TASK DETAILS: The lines to extract run from the start of the records through the line with "សេចក្តីថ្លែងការណ៍របស់ ក្រសួងការបរទេស និងសហប្រតិបត្តិការអន្តរជាតិ", both ends included; drop the pictures.

Records from a dataset
——————————

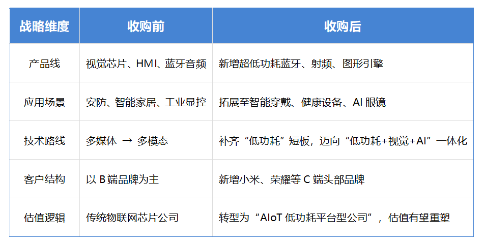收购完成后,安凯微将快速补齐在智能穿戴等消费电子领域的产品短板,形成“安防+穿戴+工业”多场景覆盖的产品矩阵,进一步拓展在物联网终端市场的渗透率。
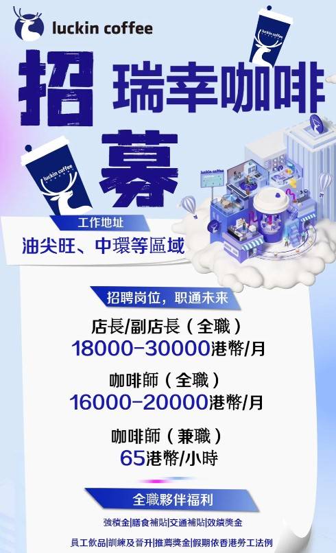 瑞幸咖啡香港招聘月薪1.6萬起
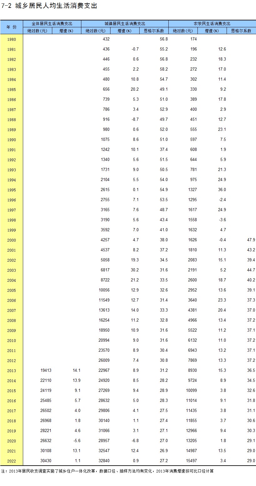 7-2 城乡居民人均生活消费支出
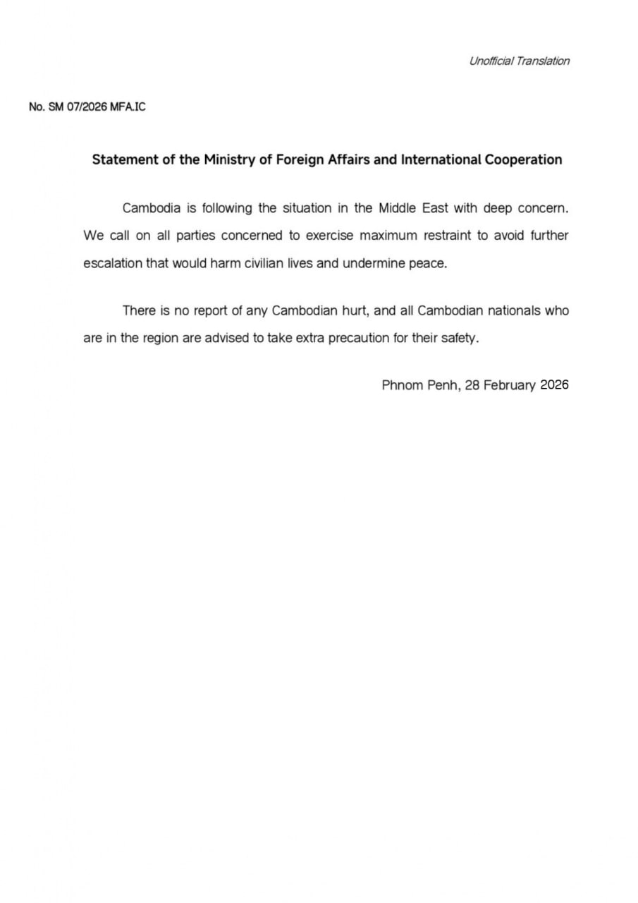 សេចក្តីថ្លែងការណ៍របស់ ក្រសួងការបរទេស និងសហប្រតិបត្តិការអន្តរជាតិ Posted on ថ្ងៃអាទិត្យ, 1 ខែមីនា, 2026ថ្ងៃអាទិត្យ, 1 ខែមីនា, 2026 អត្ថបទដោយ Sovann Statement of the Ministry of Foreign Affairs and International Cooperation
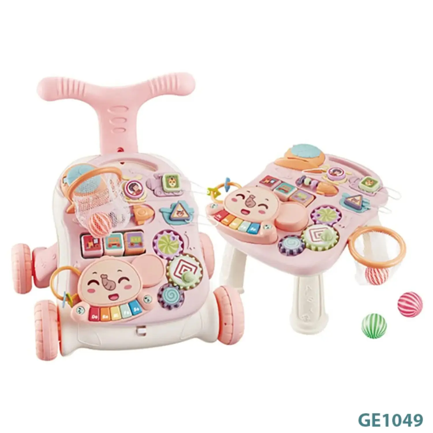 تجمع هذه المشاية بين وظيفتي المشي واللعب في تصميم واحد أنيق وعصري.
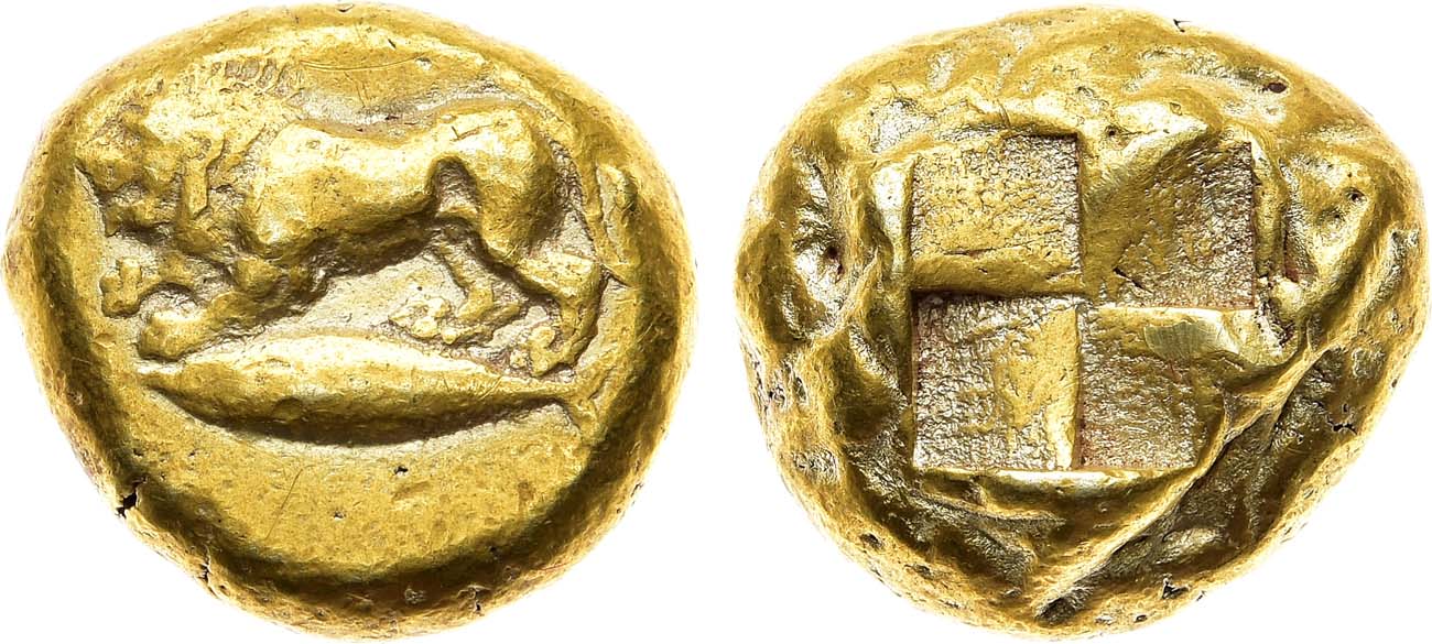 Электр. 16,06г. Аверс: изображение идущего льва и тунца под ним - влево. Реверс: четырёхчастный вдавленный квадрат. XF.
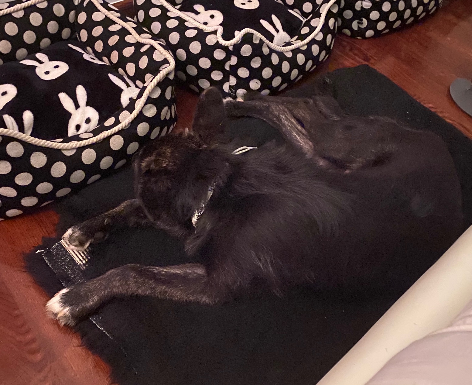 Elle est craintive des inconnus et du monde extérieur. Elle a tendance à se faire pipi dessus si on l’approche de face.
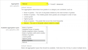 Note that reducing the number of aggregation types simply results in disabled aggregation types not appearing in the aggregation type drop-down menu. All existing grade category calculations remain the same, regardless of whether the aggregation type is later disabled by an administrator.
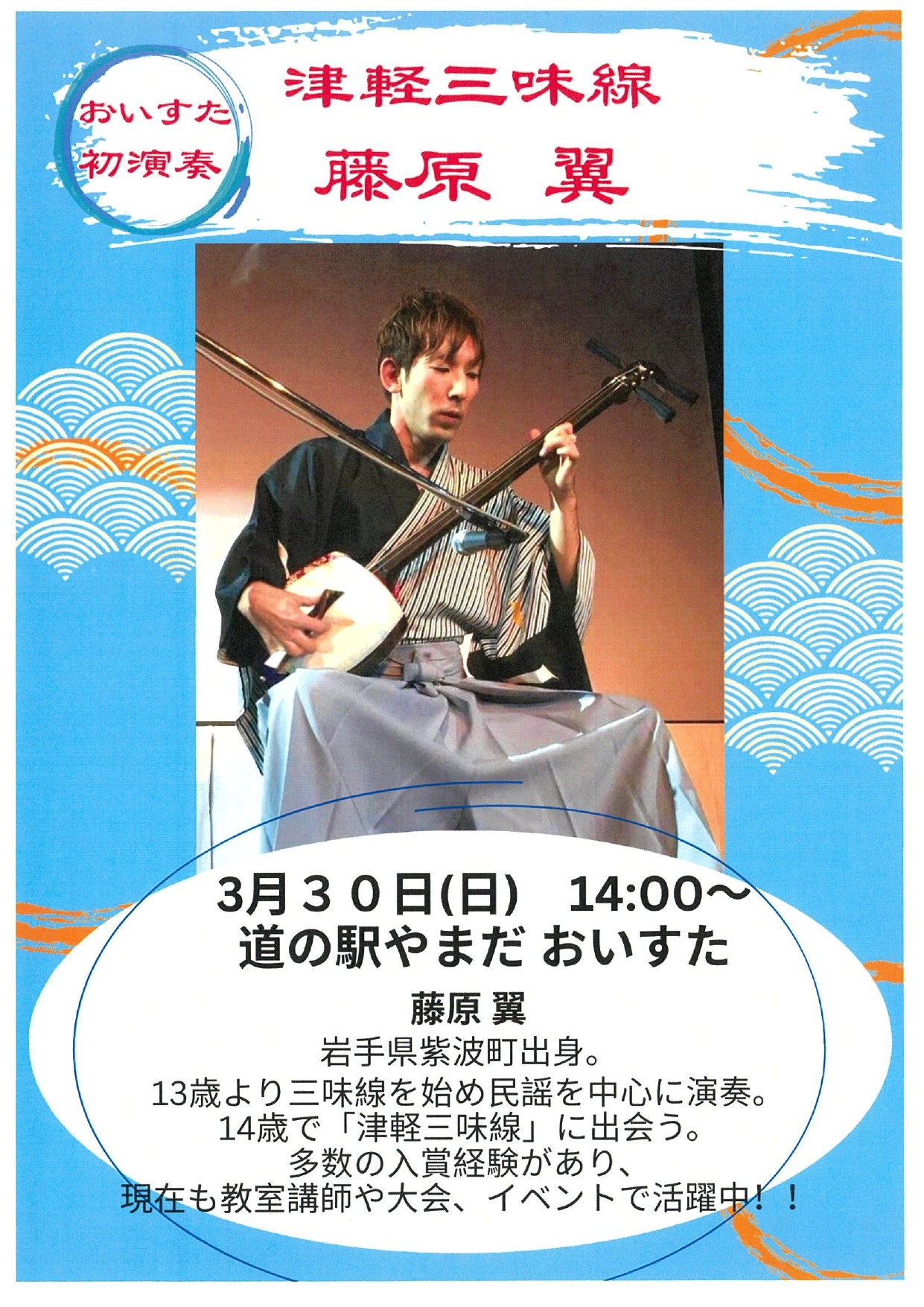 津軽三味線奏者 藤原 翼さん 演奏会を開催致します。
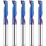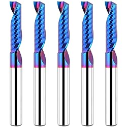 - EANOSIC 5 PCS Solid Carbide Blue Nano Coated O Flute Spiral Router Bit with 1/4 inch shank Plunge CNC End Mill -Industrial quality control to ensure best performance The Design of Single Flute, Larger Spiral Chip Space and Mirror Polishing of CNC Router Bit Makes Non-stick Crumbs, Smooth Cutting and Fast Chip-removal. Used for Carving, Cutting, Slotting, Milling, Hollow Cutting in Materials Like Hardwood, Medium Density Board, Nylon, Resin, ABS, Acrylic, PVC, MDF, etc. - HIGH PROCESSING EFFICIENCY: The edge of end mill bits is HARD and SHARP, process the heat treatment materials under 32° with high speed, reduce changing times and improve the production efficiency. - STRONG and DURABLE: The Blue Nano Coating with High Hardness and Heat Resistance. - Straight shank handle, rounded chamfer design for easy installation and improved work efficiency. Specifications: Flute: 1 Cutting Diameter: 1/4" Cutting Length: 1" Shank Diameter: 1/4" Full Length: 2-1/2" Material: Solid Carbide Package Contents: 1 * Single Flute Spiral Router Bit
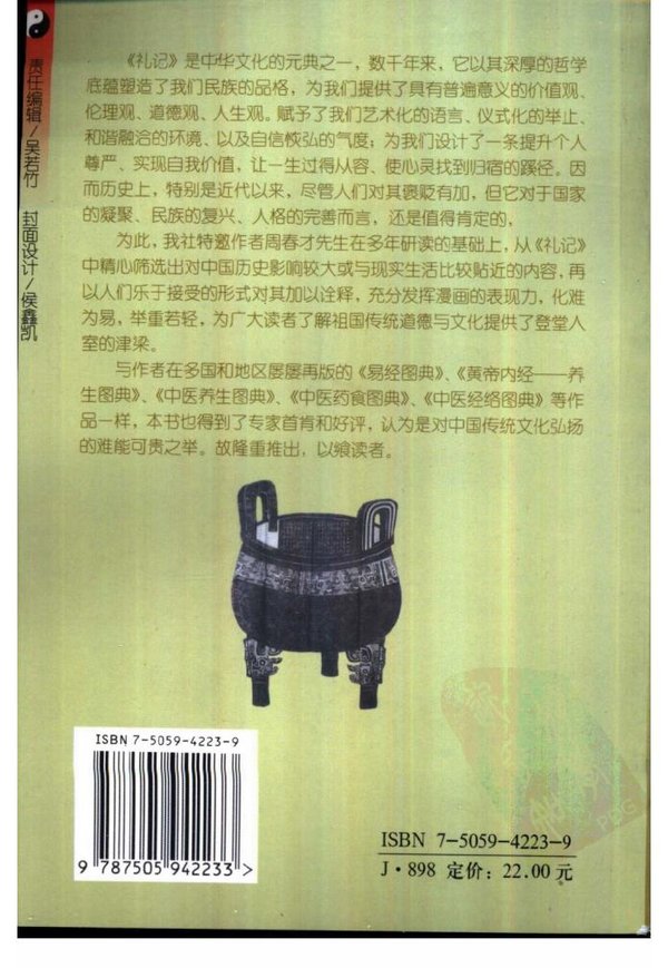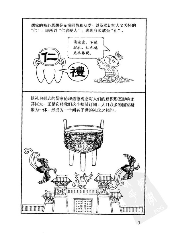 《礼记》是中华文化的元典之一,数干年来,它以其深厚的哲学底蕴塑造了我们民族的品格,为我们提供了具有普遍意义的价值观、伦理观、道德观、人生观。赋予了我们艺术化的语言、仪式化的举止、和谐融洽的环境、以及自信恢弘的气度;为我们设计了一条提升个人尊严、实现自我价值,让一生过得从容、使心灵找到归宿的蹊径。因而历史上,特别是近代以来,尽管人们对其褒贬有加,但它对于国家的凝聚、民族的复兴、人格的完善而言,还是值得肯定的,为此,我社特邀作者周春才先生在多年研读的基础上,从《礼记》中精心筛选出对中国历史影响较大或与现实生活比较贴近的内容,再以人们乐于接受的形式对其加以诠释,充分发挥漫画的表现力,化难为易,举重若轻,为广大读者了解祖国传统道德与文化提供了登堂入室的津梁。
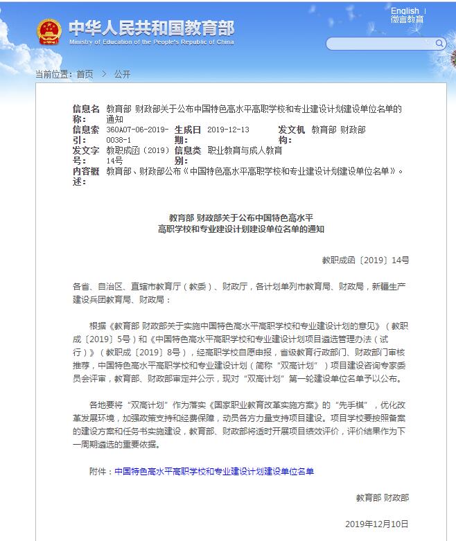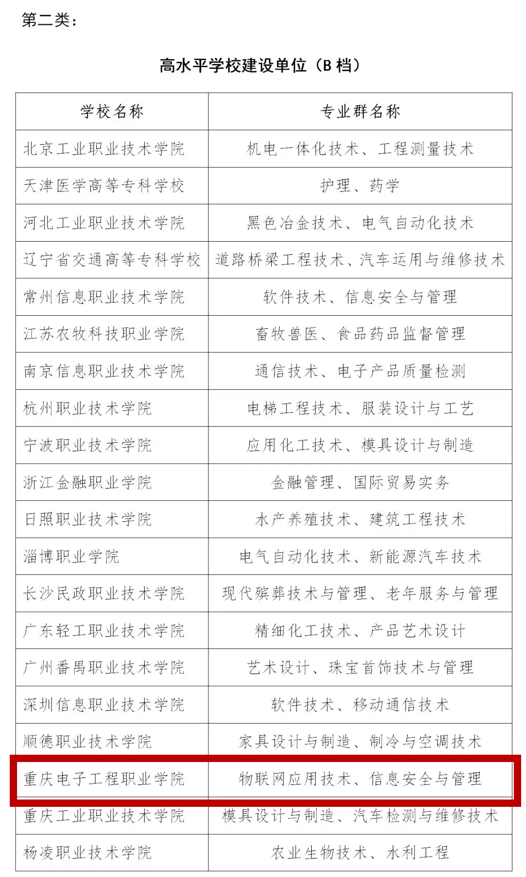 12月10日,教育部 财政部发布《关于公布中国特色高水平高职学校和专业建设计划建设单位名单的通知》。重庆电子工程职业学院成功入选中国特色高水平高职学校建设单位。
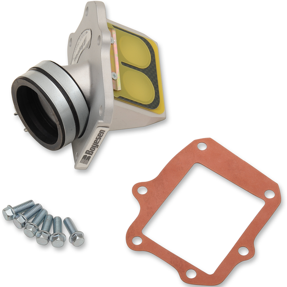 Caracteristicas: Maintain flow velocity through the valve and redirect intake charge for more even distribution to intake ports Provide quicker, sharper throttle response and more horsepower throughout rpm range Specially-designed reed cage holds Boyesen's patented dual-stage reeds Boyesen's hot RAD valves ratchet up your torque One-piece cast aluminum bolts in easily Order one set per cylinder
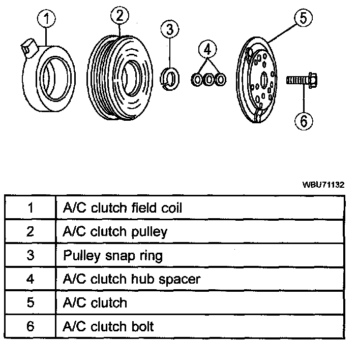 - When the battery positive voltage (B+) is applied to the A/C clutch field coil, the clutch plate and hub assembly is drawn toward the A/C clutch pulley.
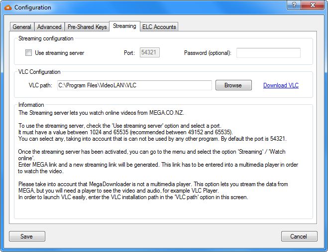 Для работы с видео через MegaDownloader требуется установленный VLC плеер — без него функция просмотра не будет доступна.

——————————

TASK OUTPUT:
收购完成后,安凯微将快速补齐在智能穿戴等消费电子领域的产品短板,形成“安防+穿戴+工业”多场景覆盖的产品矩阵,进一步拓展在物联网终端市场的渗透率。
 瑞幸咖啡香港招聘月薪1.6萬起
 7-2 城乡居民人均生活消费支出
 សេចក្តីថ្លែងការណ៍របស់ ក្រសួងការបរទេស និងសហប្រតិបត្តិការអន្តរជាតិ Posted on ថ្ងៃអាទិត្យ, 1 ខែមីនា, 2026ថ្ងៃអាទិត្យ, 1 ខែមីនា, 2026 អត្ថបទដោយ Sovann Statement of the Ministry of Foreign Affairs and International Cooperation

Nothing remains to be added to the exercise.